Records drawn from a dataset
* * *

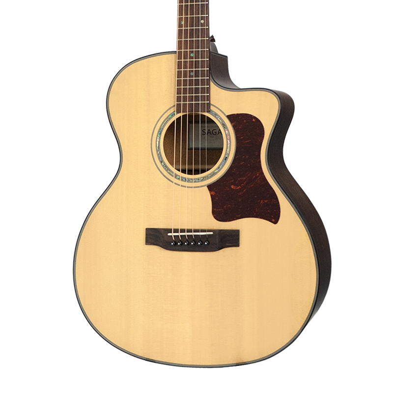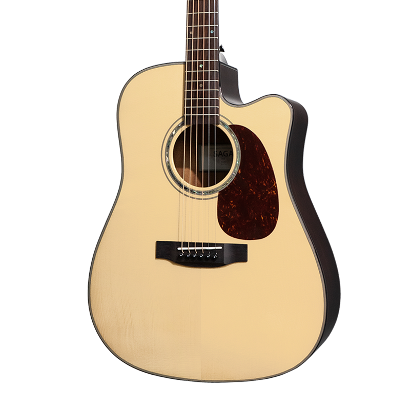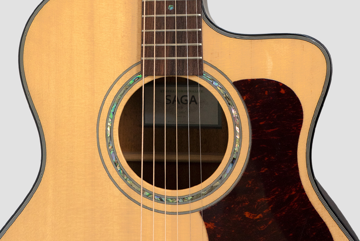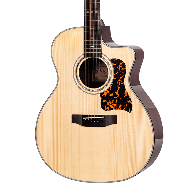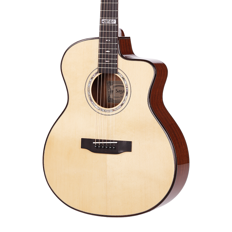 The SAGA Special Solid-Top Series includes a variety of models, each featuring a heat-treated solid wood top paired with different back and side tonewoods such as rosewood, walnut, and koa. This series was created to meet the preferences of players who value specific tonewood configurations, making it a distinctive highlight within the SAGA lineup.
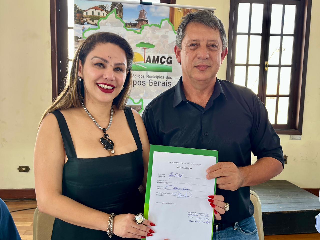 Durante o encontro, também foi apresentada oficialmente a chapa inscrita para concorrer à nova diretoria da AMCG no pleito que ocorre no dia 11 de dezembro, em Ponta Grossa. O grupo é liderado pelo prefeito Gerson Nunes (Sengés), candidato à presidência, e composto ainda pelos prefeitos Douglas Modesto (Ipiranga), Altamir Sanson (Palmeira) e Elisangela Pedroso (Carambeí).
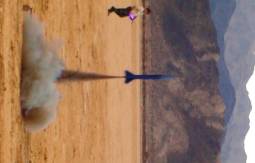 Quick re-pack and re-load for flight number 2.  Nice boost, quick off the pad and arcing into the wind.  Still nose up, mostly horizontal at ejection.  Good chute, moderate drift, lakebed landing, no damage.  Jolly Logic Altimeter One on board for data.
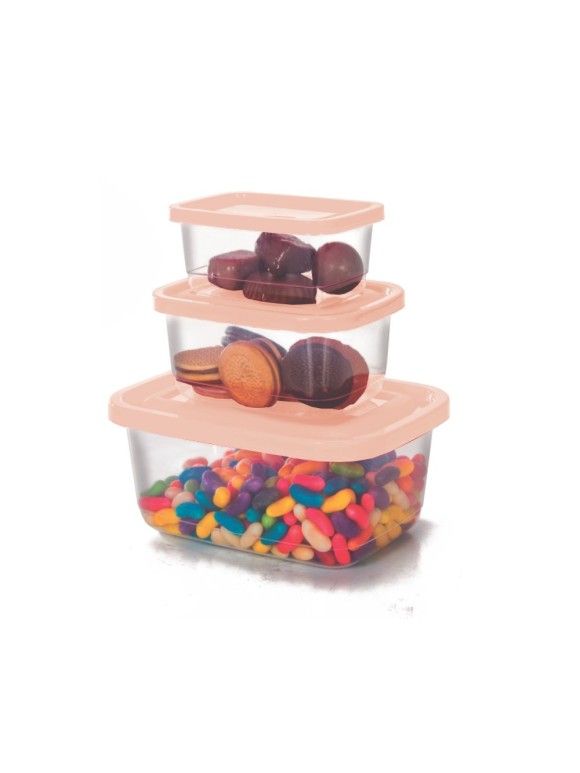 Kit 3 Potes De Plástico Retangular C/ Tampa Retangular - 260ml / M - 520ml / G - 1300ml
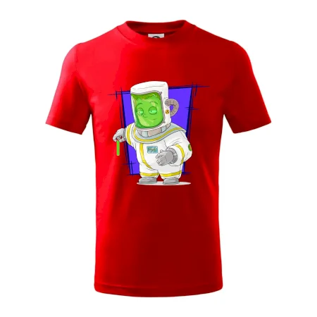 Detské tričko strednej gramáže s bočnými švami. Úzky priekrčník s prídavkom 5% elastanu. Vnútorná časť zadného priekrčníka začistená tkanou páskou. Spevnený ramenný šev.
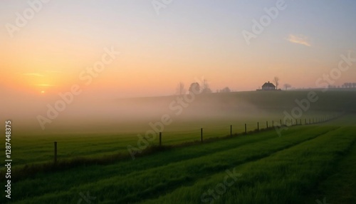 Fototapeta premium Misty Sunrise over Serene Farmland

* * *

Task details:
Write out exactly the lines from the one that contains "Detské tričko strednej" through the last line of the data above, both included. Leave every picture out.

Result below:
 Detské tričko strednej gramáže s bočnými švami. Úzky priekrčník s prídavkom 5% elastanu. Vnútorná časť zadného priekrčníka začistená tkanou páskou. Spevnený ramenný šev.
 Fototapeta premium Misty Sunrise over Serene Farmland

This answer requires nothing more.